Edward Jermyn

Backpropagation

CONTACT ME

Backpropagation

Imagine teaching a computer to recognise handwritten digits. You pass it thousands of examples, and over time, it learns to identify the different digits. How does it do this? One of the answers to this question is backpropagation. This is the method that allows neural networks to learn from their mistakes, tweaking their internal settings to improve predictions. Without backpropagation, training deep neural networks would be nearly impossible.

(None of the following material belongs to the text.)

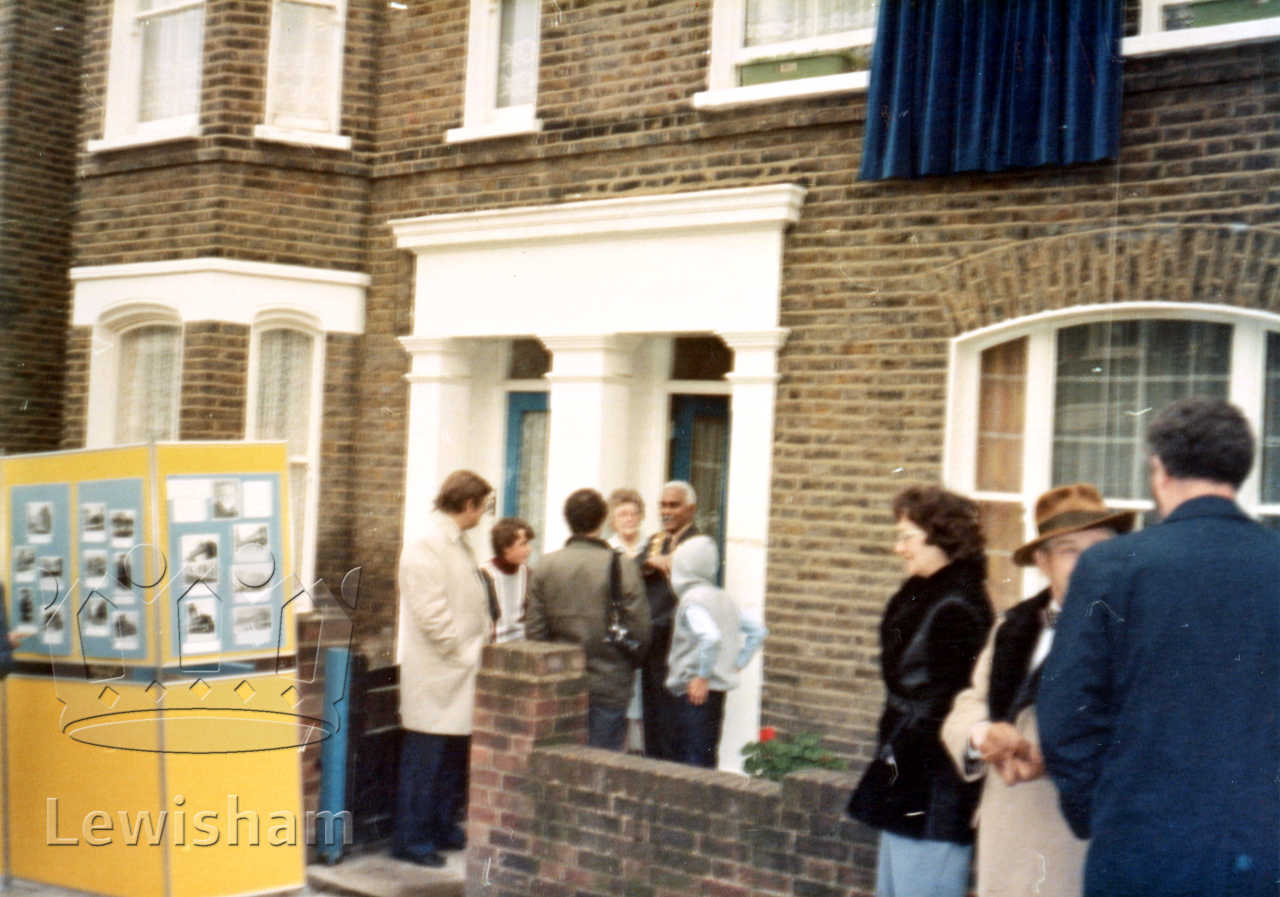 colour photograph showing Thankfull Sturdee plaque ceremony outside 16 Bolden Street SE8 5/11/84

In this blog, I will try to explain how backpropagation works. I'll start off with a basic example and then try to explain how it scales to complex networks. During this, we will cover topics like activation functions, vanishing gradients, and the chain rule.

What is Backpropagation?

Backpropagation is one of the backbones of neural network training. It is an algorithm that calculates the contribution of each weight in the network to the error in its predictions and adjusts those weights to minimise that error. Say a chef was creating a recipe, if the final dish tastes too salty, the chef reduces the salt next time, and so forth, adjusting each ingredient based on feedback.

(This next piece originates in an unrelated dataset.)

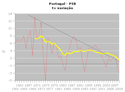 O gráfico mostra - linha encarnada - a taxa de variação do Produto Interno Bruto português entre 1961 e 2009. A linha amarela representa a média móvel de 10 anos da taxa de variação do PIB ou, traduzindo, dá uma aproximação à taxa de crescimento potencial da economia. Há ainda a recta a negro que liga os anos de picos de crescimento ou, traduzindo, a taxa máxima que se pode esperar atingir num determinado ano.

Formally, backpropagation computes the gradient of the loss function, a measure of prediction error, for each weight in the network. The gradient tells us how much the error changes if we tweak a weight slightly. Using this information, we update the weights in the direction that reduces the error, typically via gradient descent. The "back" in backpropagation comes from how it works; unlike when the model is generating a prediction starting from the input layer, backpropagation starts at the output layer and propagates the error backwards through the network, layer by layer, using the chain rule. This process is repeated many times, allowing the network to learn patterns from data and improve its accuracy.

Simple Example

Say you have a basic neural network, one input neuron, one hidden neuron, and one output neuron, and we're trying to predict a target value based on an input (x).

Network Structure

•
Input:(x) (e.g. a single feature)
•
Hidden layer: One neuron with weight w₁ and an activation function
•
Output layer: One neuron with weight w₂ and an activation funciton

We'll use the sigmoid function as our activation function, defined as:

sigmoid(z) = 1 / 1 + e^−z

It's derivative is:

sigmoid'(z) = sigmoid(z) ⋅ (1 − sigmoid(z))

1. Forward Pass

Begin by passing an input through the network to get its output. Our network gets its output in two steps:

•
Hidden layer output: h = sigmoid(w¹⋅x)
•
Final output: 0 = sigmoid(w²⋅h)
•
We measure the error using the mean squared error: error = (o - target)²

The goal is to adjust w₁ and w₂ to minimise this error.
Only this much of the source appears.